Ch1 Run Distribution
There’s really a lot you can learn from a density plot like this.

You can really see the “skew” we were discussing earlier (the Bill Gates thing). That long right tail goes all the way out to 100 yards. We just cut it off early for this chart. The black line down the middle, the mean yardage, is clearly pulled in that direction from that small set of very long runs.

You can see how common it actually is to lose yardage on a run. You can see the mode at 2 yards (the most common outcome). You can see the big bulk of runs going just a couple of yards. My favorite part – you can even see the slight “divot” at exactly 10 yards, where people are more likely to get exactly 9 or exactly 11 yards than exactly 10. We’ll come back to that one later.

It’s time. Let’s talk about the divot.

Bernie "The 10-yard divot isn't an error or an outlier. There's too much data (tens of thousands of runs) for it to be noise. Rather, the 10-yard divot is a deviation from our expectations about how football ought to work. We look at this run distribution and our brain sees a very clear trend: the longer the distance, the fewer the runs, with sharp differences in the early yards (e.g. the number of runs that go 3 yards versus 4 yards) and gradually decreasing differences in the open field (e.g. small differences between the number of 15 yard runs and 16 yard runs). We see a smooth line, a graceful curve, running down the right side of the chart. The 10-yard divot is a blemish on the perfection we want to impose."

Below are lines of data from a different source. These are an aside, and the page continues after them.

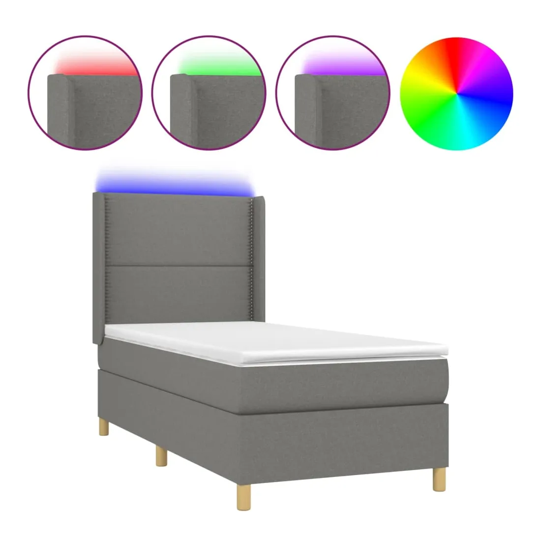 Utilisez ce sommier tapissier avec matelas et LED pour profiter d'un sommeil réparateur ! C'est le point central de votre chambre à coucher. Tissu durable : le tissu présente un aspect simple et épuré, et il est respirant et durable.Tête de lit pratique : la tête de lit est réglable en hauteur selon vos préférences. La tête de lit vous offre un excellent soutien du dos lorsque vous êtes assis dans votre lit pour lire ou regarder la télévision.Bande LED colorée : apportez de l'éclairage dans l'obscurité avec des lumières LED colorées !Matelas à ressorts ensachés : le ressort ensaché individuel intégré est connu pour sa très haute qualité tout en assurant un haut niveau de durabilité et d'adaptabilité. Il peut absorber efficacement le bruit et les chocs causés par les sauts et les rotations.Protège-matelas doux pour la peau : le protège-matelas est recouvert d'un tissu résistant et doux pour la peau, ce qui le rend souple et confortable. Remarque :Pour des raisons d'hygiène, le matelas ne peut pas être retourné si l'emballage est retiré ou ouvert.Seule la partie avec un symbole de ciseaux peut être coupée et seule la partie avec l'USB continuera à fonctionner comme avant.Chaque produit est livré avec un manuel de montage dans la boîte pour un montage facile.Ce produit est doté d'un connecteur USB, mais la source d'alimentation certifiée de USB 5V n'est pas incluse.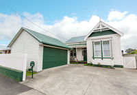 The interior is a mix of original villa features and modern practicality. Featuring an open plan kitchen/dining/lounge area with a fireplace & heating. Four bedrooms and two bathrooms, three toilets, office, double garage and all located within an easy walk to the shops, cafes, Yarrow Stadium and the Taranaki Base Hospital.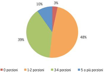 Il 97% degli intervistati ha dichiarato di mangiare frutta e verdura almeno una volta al giorno. Tra questi, il 39% ha riferito di mangiarne 3-4 porzioni.

You can see the exact nature of the deviation at 10 yards if we leave things as a histogram instead of smoothing over the yardages:


Run Histogram


Bernie "The divot doesn't make sense because why would making a 11 yard run be easier than making a 10 yard run? The divot doesn't make sense because why are 10-yard runs specifically so hard?"

This was my first impression, at least. Of course, it turned out to be asking the wrong question.

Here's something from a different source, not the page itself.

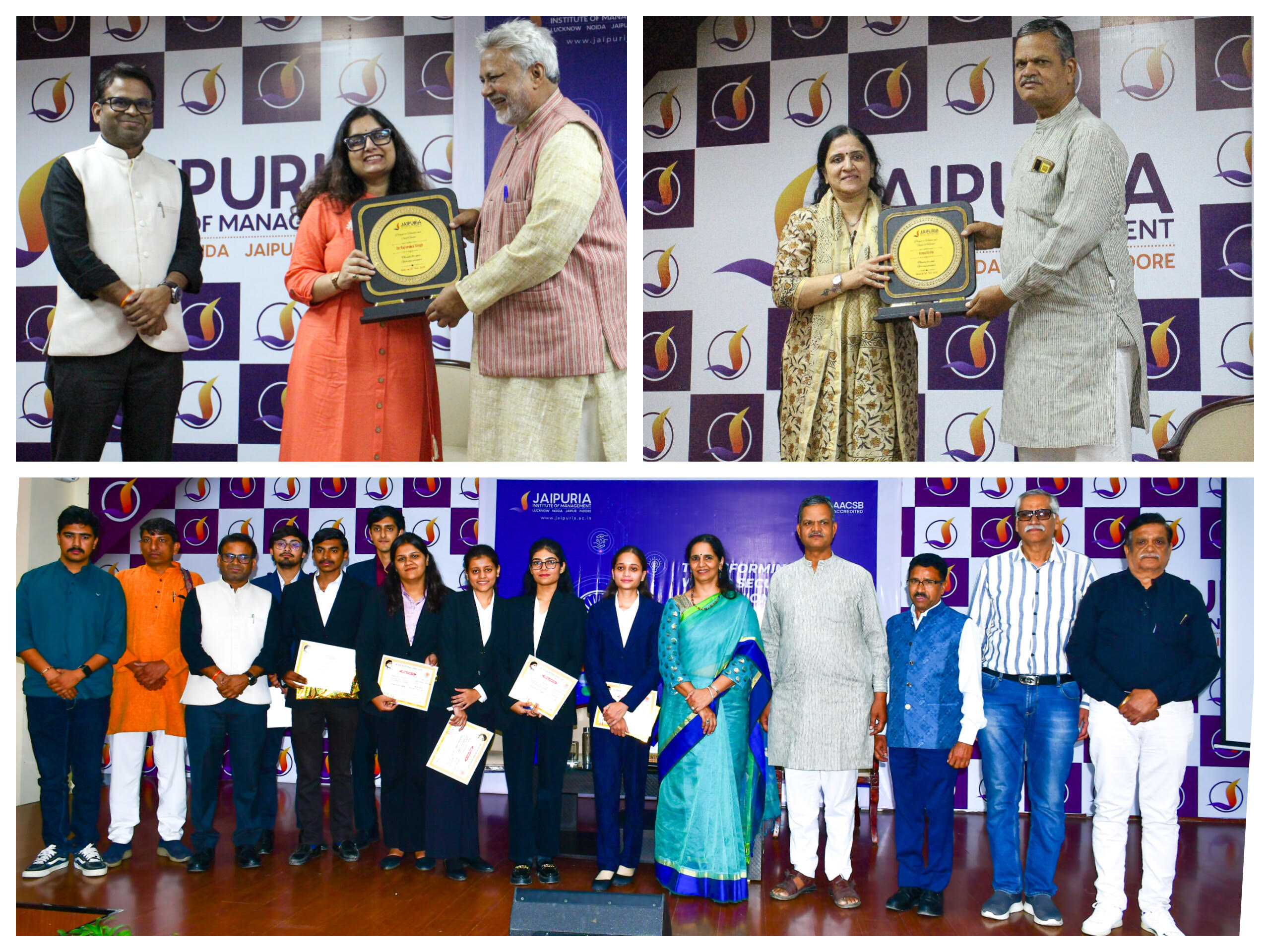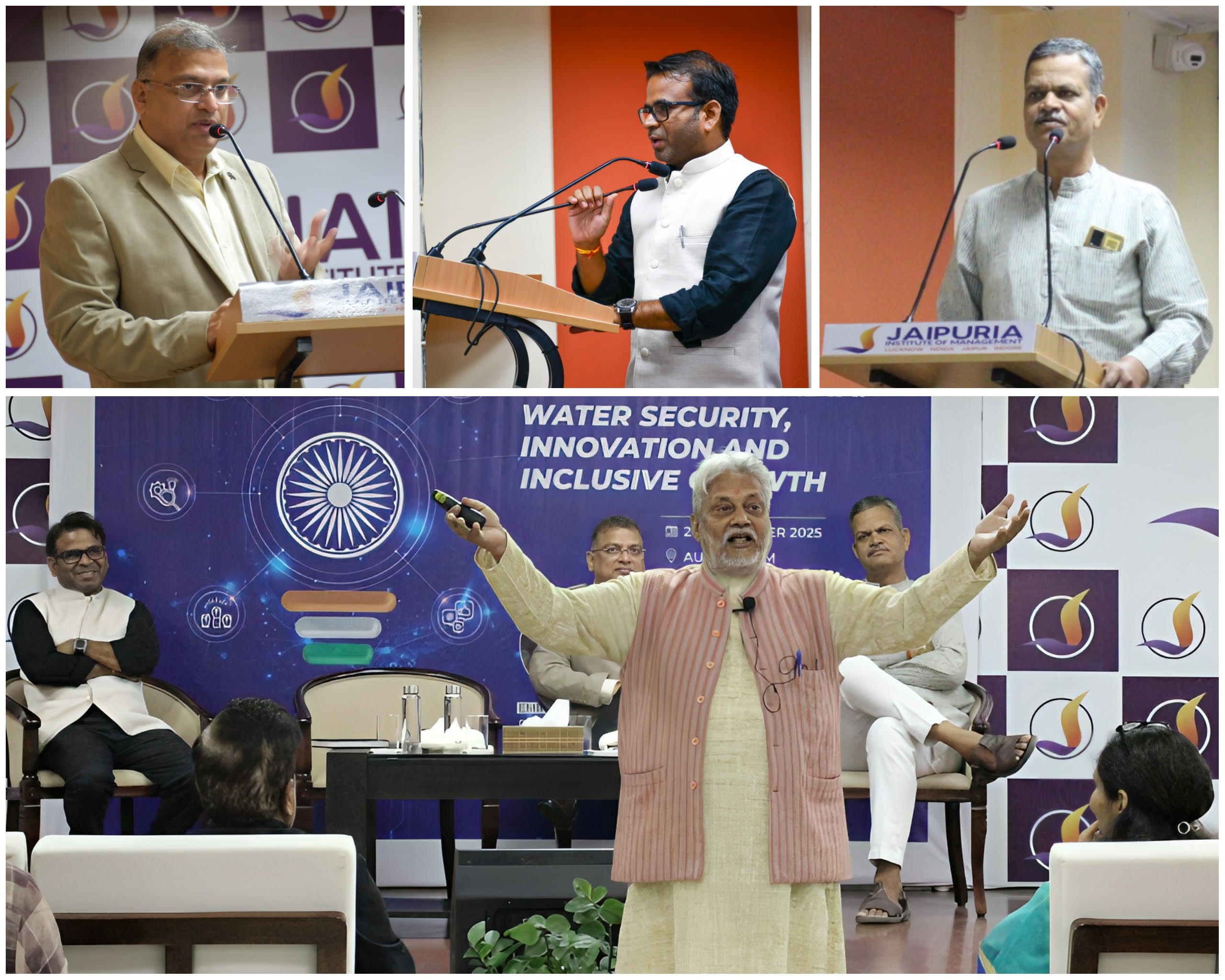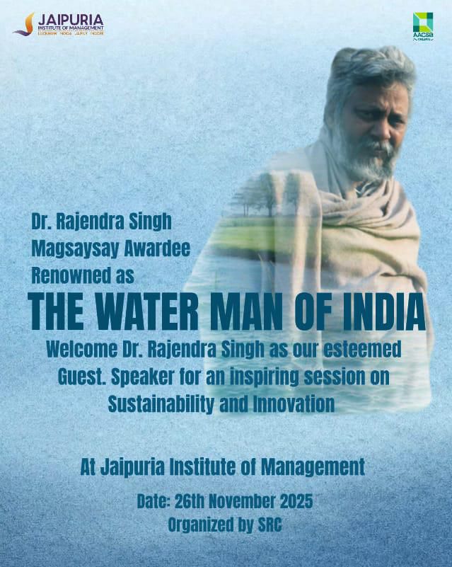 On 26th November, Jaipuria Institute of Management, Indore, hosted a high-impact conclave on “Transforming India through Water Security, Innovation, and Inclusive Growth.” The event brought together eminent social leaders and entrepreneurs who encouraged students to contribute actively to sustainable development and nation-building. The conclave featured Chief Guest, Dr. Rajendra Singh, the renowned Waterman of India and Ramon Magsaysay Awardee, along with distinguished speakers Mr. Manish Anand, Founder & CEO of Mithila Naturals, and Mr. Vinod Birla, Joint Secretary, Seva Bharti Malwa, who shared valuable insights that inspired students to adopt innovative, responsible, and community-driven approaches toward shaping a sustainable future.

Bernie "The astute among you may have already guessed that the exact yardage isn't what's important here. What's important is the thing that is there. And if you're running on a first and 10 (as players often are), the thing that's ten yards away is the line of gain."

So if we restrict our visualization to only the cases where there are 10 yards to go, we naturally see the 10 yard divot:


Run Histogram


But if we look at cases where there is 9 yards to go for a first down, we instead see a 9-yard divot (with a big dropoff between 8 yard runs and 9 yard runs).


Run Histogram


And if we look at cases where there is 7 yards to go, we see a 7-yard divot (with a big dropoff between 6 yard runs and 7 yard runs).


Run Histogram


We can even see a 4-yard divot on downs with 4 to go.


Run Histogram


Bernie "And all of a sudden, the trend in the data got significantly more interesting. The 10-yard divot isn't really "at" 10 yards at all. It's really a first-down divot. The only reason why we even saw it at 10 yards in the first place is the high frequency with which running backs tend to run on first and 10."

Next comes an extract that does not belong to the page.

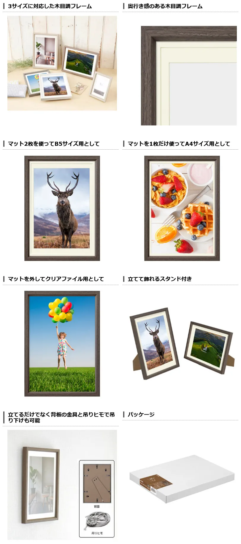 付属のマットを入れ替えることでB5 サイズ、A4 サイズ、クリアファイルの3つのサイズを飾れる3wayフォトフレーム。

So what could be driving this “wall” that running backs keep hitting right before they get to the first down marker? Well, one possibility is that defenses want to stop the first down above all else. Perhaps rather than playing to stop every inch, they play to stop every first down? Perhaps they would yield a step here and there if it meant setting up a can’t-miss tackle and lowering the chances of giving away a new set of downs on the ground? I find this explanation totally plausible. In essence, the defense plays different near the line of gain, because they know it’s there and want to stop a running from passing it above almost everything else.

But I think there’s also another possibility. An explanation that actually doesn’t depend on either the players or the refs at all.

Bernie "In the NFL rulebook, referees are instructed by Section 19, Article 1 of Rule 3 to spot the ball with the forward point at the plane across the field that the forward point of the ball was at when the previous play ended, which is exact and doesn’t care about yard markers. But the statisticians are instructed by the NFL Guide for Statisticians to always round “up” towards the end zone when recording the line of scrimmage (excepting a few particular circumstances, such as when there less than a yard left for first down [where you round down to leave 1 yard to indicate that the first down was not gained] or cases where the ball is spotted on top of a yard line). This can yield some funny outcomes. For instance, if somebody starts a run a few inches ahead of a twenty-yard marker (so “opp 19”) and runs nearly 10 yards (say on top of the “opp 10”), they are only credited with 8 yards – the “official” start of the run was rounded up to begin nearly a yard further downfield, and the “official” end of the run was rounded down to indicate that the first down was not gained."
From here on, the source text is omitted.